Table 1 A list of some values of α, the degree of preferential attachment in different networks collected from literature, showing also the number of nodes N (and M for bipartite networks), the number of links E. The first column is the name of the investigated database and the discussed relationships are discussed within the brackets. Please note that APS-PACS, Google Earth and Digg are bipartite networks between individuals and groups while all other networks describe relations among individuals

Results

Empirically, the phenomenon of preferential attachment has been found in many systems. We compile a list of typical systems, where their positive exponent α values are shown in Table I, indicating that new links are more likely to attach to nodes with larger degree. Later, we will compare our results on hotness tracing of newly published papers against other phenomena listed in this table.

Firstly, we examine the phenomenon of preferential attachment of papers in the PR-PACS data set (see Methods for details). In a log-log plot, Fig. 1 (a) displays the accumulated distribution function κ(k) with respect to the size k of the field that a newly published paper belongs to. The positive exponents α indicate that new papers are more likely to focus on hot fields (larger sizes), i.e., new links preferentially attach to nodes (PACS) with larger sizes. Or to say, generally, scientists do publish more new papers in current hot fields. We obtain the exponents α by least-square fitting from k = 1 to k = 300 as the curves deviate from the straight line for large k due to low statistics. For different years t, all of κ(k) follow power law, namely κ(k) ~ kα+1, but slightly different parameters α (as shown in Fig. 1 (b)). We also plot the distribution of fields' size N(k) as an inset in Fig. 1 (a), which follows a highly skewed distribution.

Figure 1
figure 1

Empirical preferential attachment to hot fields of new papers in the PR-PACS data set.

(a) The cumulative probability functions κ(k) in the years 2000 and 2008. Inset: the distribution function of the sizes of fields. (b) The exponents α for different years. We start our measurements from 1995, not 1976, the beginning year of the data, since the method requires a relatively large initial system. Notice α = 0.52–0.87 is near the lower end of all the exponents collected in Table I. The 2009 exponent is relatively smaller compared to its previous several years for reason that we do not yet know.
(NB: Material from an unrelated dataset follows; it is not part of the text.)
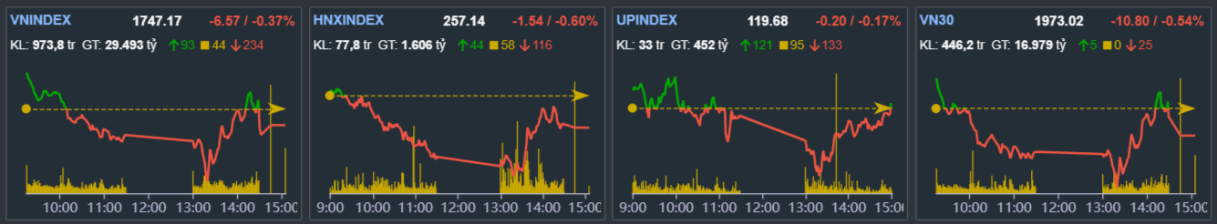 - VN-index Giảm -6.57 điểm xuống 1747.17 điểm

If not mentioned, Δt is one year in this paper. The straight lines are guide to the eye through this paper.

Compared with the preferential attachment phenomena in other fields listed in Table I, the exponents α = 0.52–0.87 from our PR-PACS data are near the lower end of all the exponents. Out of all the other 13 entries in Table I, only sexual contact in sexual networks (α = 0.32–0.80)4, users attached to membership of groups of Digg (α = 0.69)5 and friendship relations in Linkedin (α = 0.6)6 are approximately at the same level of hotness tracing. It might be easy to “follow” a star member in a social networking website, such as Flickr (α = 1.0)6; however, it might not be so easy to shift a research field, join a user group of a different product or change sexual partners towards hotter choices. Besides the difficulty in changing fields, it might also because that scientific works are more independent and more interest-driven or value-driven than other fields.
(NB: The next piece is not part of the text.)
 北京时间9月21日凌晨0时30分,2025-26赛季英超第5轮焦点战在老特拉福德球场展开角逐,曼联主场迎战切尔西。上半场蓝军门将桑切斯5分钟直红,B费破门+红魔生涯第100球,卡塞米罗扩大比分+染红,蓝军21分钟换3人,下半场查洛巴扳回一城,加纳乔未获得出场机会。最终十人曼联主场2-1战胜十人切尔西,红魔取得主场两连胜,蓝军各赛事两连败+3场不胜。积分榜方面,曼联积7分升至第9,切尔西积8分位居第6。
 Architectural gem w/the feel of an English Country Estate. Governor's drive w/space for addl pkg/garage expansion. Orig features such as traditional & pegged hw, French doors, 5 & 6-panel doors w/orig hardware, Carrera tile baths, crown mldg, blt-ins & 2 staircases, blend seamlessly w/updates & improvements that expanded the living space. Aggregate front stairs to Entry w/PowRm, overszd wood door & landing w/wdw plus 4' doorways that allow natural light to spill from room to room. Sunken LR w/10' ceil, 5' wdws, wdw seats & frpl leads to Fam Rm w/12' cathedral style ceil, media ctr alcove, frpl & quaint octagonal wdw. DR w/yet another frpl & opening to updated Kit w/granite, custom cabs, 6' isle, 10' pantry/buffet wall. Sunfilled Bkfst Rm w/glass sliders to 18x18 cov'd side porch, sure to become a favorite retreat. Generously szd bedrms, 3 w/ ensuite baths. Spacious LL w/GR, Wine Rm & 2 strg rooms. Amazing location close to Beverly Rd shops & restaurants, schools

Secondly, we test whether the intensity of tracking hot topics of scientific research differs in different countries. Therefore, we classify the papers according to countries of the first author's affiliation and calculate the absolute contribution ratios r c of several major countries within PR-PACS data set. They are USA (33.07%), Germany (9.95%), Japan (6.94%) and China (3.73%). As seen from Fig. 2 (a), in the year 2008 the exponent (α = 1.06) of P. R. China is larger than that of other countries, e.g., USA 0.74, Germany 0.86 and Japan 0.93. Moreover, as shown in the inset of Fig. 2 (a), the exponent α for China is generally larger than that of other countries for different years. These results indicate that the phenomenon of tracing hotness is more severe among Chinese scholars. In addition, it is found that UK (3.80%) and France (5.55%) lie between USA and Germany, while Russia (1.89%) lies between Germany and China.

Figure 2
figure 2

Results for authors from the most-contributed countries in the PR-PACS data set.

(a) The cumulative probability functions κ(k) in the year 2008 for USA, Germany, Japan and P. R. China. The exponent of Chinese authors (α = 1.06) is much larger than that of other countries. Inset: The exponents α for different years, where the exponents α of China always are larger than that of USA. (b) The relative contribution ratio Rc(k) for USA, Germany, Japan and P. R. China.
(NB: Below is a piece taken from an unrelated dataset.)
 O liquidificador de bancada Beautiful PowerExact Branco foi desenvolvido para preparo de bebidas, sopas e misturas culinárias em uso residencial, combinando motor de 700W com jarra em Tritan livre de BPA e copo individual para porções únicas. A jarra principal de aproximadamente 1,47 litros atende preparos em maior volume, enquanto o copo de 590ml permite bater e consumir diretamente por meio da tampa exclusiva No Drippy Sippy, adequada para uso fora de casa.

To provide a comparative study, we also calculate the relative contribution ratio Rc(k) of papers from country c and belonging to the fields with size k (see Methods for the details). As seen from Fig. 2 (b), the relative contribution ratio Rc(k) of Chinese scholars is smaller than 1 in cold fields (smaller k) but larger than 1 in hot fields (larger k), indicating that Chinese scholars make less contributions to cold fields than their average contribution but more to hot fields than their average. Meanwhile, the situation of USA is opposite to that of China. This difference also indicates that Chinese scientists are more keen to follow hot topics than United States scientists from another aspect. This agrees with our previous observations.

Considering the fact that scientific studies in China are still young, it is understandable that a large percentage of them are on hotness-driven fields rather than value-driven fields. The discovered order – the USA, Germany, Japan and China – of degree of hotness tracing makes sense intuitively. These results are more or less consistent with our intuitions. How different positions are related to scientific policies of that country, or even the culture and values of that country, although is definitely worth a further investigation, is outside the scope of the current study. We simply want to demonstrate the capability of the methods that are discussed above in analyzing publication records and to present some basic discoveries using the methods in this work.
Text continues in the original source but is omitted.